Весь остаток ночи я томился над страшными вопросами: послышались ли мне кощунственные слова о молоке и кто мог быть счастливым возлюбленным Вильгельмины? Трубка не являлась приметой, ведь все голландцы курят точно такие же белые глиняные трубки. Голос показался мне знакомым, но и это сходство могло быть иллюзорным. Главное, что мешало мне уснуть – это смущение: литургия окончилась водевилем. Если любовник говорил после всего пережитого о сентах, значит, любовь – низость. Если же мне, после всего высокого, что я видел, померещились эти слова, значит, я человек низкий и недостойный приобщится к таинству любви.
Следующий день был воскресным. Я встал поздно, с тяжелой головой, как после выпивки. Когда я вышел в столовую, все уже были в сборе. На медных тазах горело солнце. Белые крахмальные переднички двенадцати дочерей празднично улыбались, во всем чувствовались мир, невинность, чистота. Я робко взглянул на Вильгельмину, но ее бесцветные глаза проливали обычную меланхолическую мечтательность. Мартин ван Броот начал петь псалом о божьих голубицах. Все подхватили. За стеной семьдесят семь коров умильно мычали. Сжимая в кармане ночную находку, я забыл обо всем происшедшем и, фальшивя, славил неокрепшим баском "святую невинность".
Когда мы кончили петь, фермер, добродушно улыбаясь, оглядел всех присутствующих. В это время он обычно закуривал свою первую воскресную трубку и курил ее, пока дочери накрывали на стол. Действительно, он залез в карман, пошарил с минуту и вдруг раздраженно пробормотал:
– Черт побери, ведь я ночью разбил трубку!..
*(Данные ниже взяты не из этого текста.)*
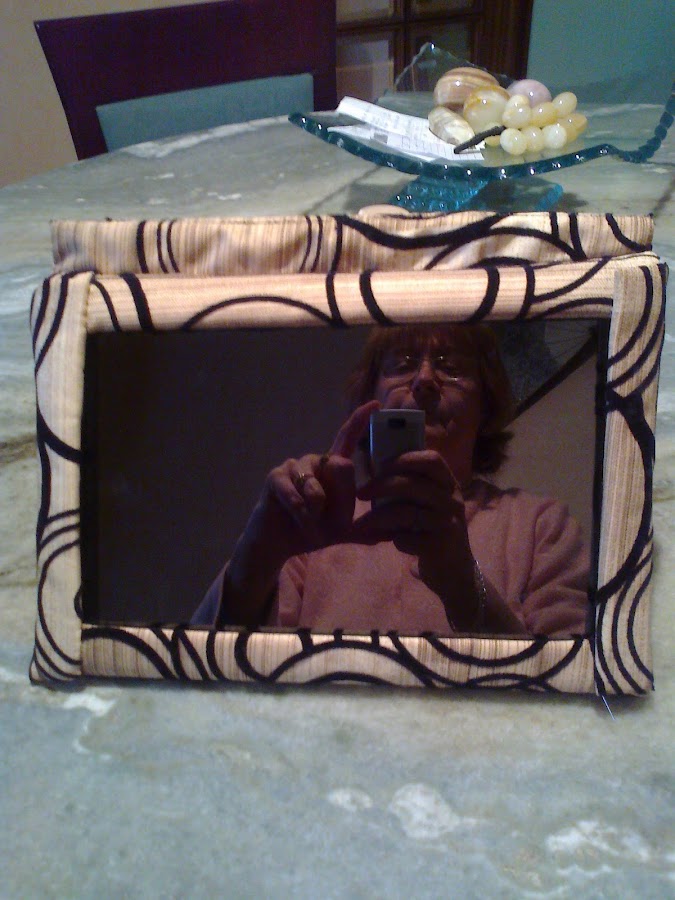 la base del fondo de la funda la he forrado también por encima, como se ve en la fotografía y después por último, he envuelto la tapa y la he cosido al lomo de la funda, Ahora me falta poner unos cuadraditos de velcro en las puntas del marco y la tapa, porque me acabo de dar cuenta que en negro no tengo ufffff.

Услышав слово "черт" в столь неподходящее время, все двенадцать дочерей, восемь работников, а за ними вслед, вероятно, и семьдесят семь коров вздрогнули. Что произошло со мной? В этот миг я терял самое большое и важное, терял то, чего у меня еще в жизни и не было, – предчувствие, веру, – терял все. Но восемнадцатилетний юноша в течении нескольких секунд вырос на двадцать лет, и вместо слез, вместо румянца стыда или визгливых обличений я спокойно вынул трубку, в которой оставалась еще щепотка табаку, и закурил ее перед фермером. Мы взглянули друг на друга и с минуту простояли молча. Какая минута! Потом сразу, одновременно, мы сделали первый шаг, подошли, наши руки столкнулись и слились в крепком пожатии. Когда же руки наконец расстались фермер заботливо сказал:
– Если вы выйдете сейчас в Алькмар, то поспеете к дневному поезду. Вильгельмина приготовит вам бутерброды с сыром.
И со свертком бутербродов, провожаемый до ворот двенадцатью дочерьми ван Броота, я покинул гостеприимный домик. Я унес из него нечто более ценное, чем бутерброды, – трубку с отбитым носом, горькую мудрость, низость, боль.
О, я не вылечился от проклятого зуда! Я думаю, что в распоряжении богинь с поэтическими именами не мальчик-стрелок, а целый улей злобных пчел. Я не ропщу. Но когда мне становится невтерпеж, когда я, вновь и вновь отчаиваясь, хочу проверить, где же она, – из сонетов Петрарки и из похабных картинок, – неужели вот в этой, лежащей навзничь и уже готовой завести беседу о молоке и сентах, когда я слишком многого хочу, рука моя нащупывает в кармане обломок трубки.
Я припадаю к ней, отравленный двойной слюной старческого сластолюбия и юношеского отчаяния, вспоминаю богомольных коров и нидерландские флорины, вспоминаю отца и дочь – и больше ничего не хочу.